Review of Consequences:

Organizations must review the consequences of changes, including their effects on constituent parts of the QMS, to ensure their integrity is maintained.

Traceability of Changes:

Organizations should maintain traceability of changes, including the rationale for the changes and any necessary approvals.

Documentation of Changes:

Organizations must update relevant documentation to reflect approved changes. Overall, this clause emphasizes the importance of managing changes effectively within the QMS to maintain its integrity, ensure conformity to requirements, and continually improve the organization’s processes.  

How do companies comply with clause 8.5.6?

Compliance with Clause 8.5.6 of ISO 9001:2015 requires a systematic approach to managing changes within the quality management system (QMS). Here are the steps a company can take to comply with this clause:

Establish a Change Control Process:

Develop a documented procedure that outlines the process for initiating, reviewing, approving, implementing, and verifying changes within the QMS. This process should be tailored to the organization’s size, complexity, and specific needs.

Identify Change Triggers:

Determine what types of changes require formal control and establish criteria for identifying and categorizing changes. This could include changes to processes, procedures, documents, equipment, facilities, personnel, suppliers, or organizational structure.

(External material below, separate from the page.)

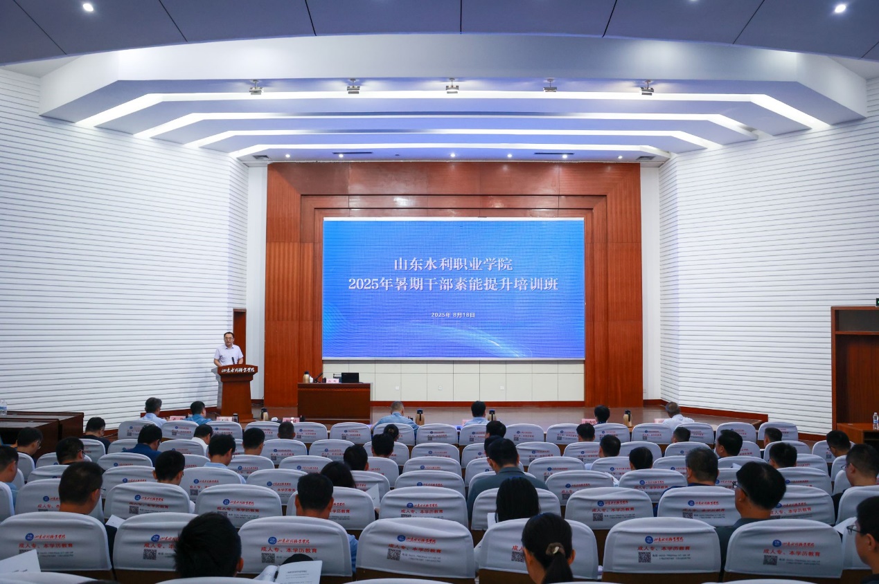 精准施训强本领,厚德砺能启新程。8月18日至21日,山东水利职业学院举办2025年暑期干部素能提升培训班。本次培训采取专题辅导、分组研讨、中期汇报、结业交流等方式,旨在深入学习贯彻习近平新时代中国特色社会主义思想,推动深入贯彻中央八项规定精神学习教育走深走实,持续提升干部队伍政治素养、理论水平和履职能力,着力建设适应职业教育改革发展形势要求的高素质专业化干部队伍。

Change Review and Evaluation:

Implement a mechanism for reviewing proposed changes to assess their potential impact on the QMS, including risks to product/service quality, regulatory compliance, customer satisfaction, and other relevant factors.

Authorization and Approval:

Define roles and responsibilities for authorizing and approving changes. Establish criteria for determining who has the authority to approve changes based on their significance and potential impact.

Communication and Training:

Ensure that relevant stakeholders are informed about proposed changes and their potential impact. Provide necessary training to personnel who will be affected by or involved in implementing the changes.

Documentation and Recordkeeping:

Maintain documentation of all change requests, including the rationale for the change, the review and approval process, and any associated actions taken. Ensure that records are updated to reflect approved changes.

Implementation and Monitoring:

Implement approved changes according to the established process and monitor their effectiveness. Establish mechanisms for tracking the progress of change implementation and addressing any issues or deviations that arise.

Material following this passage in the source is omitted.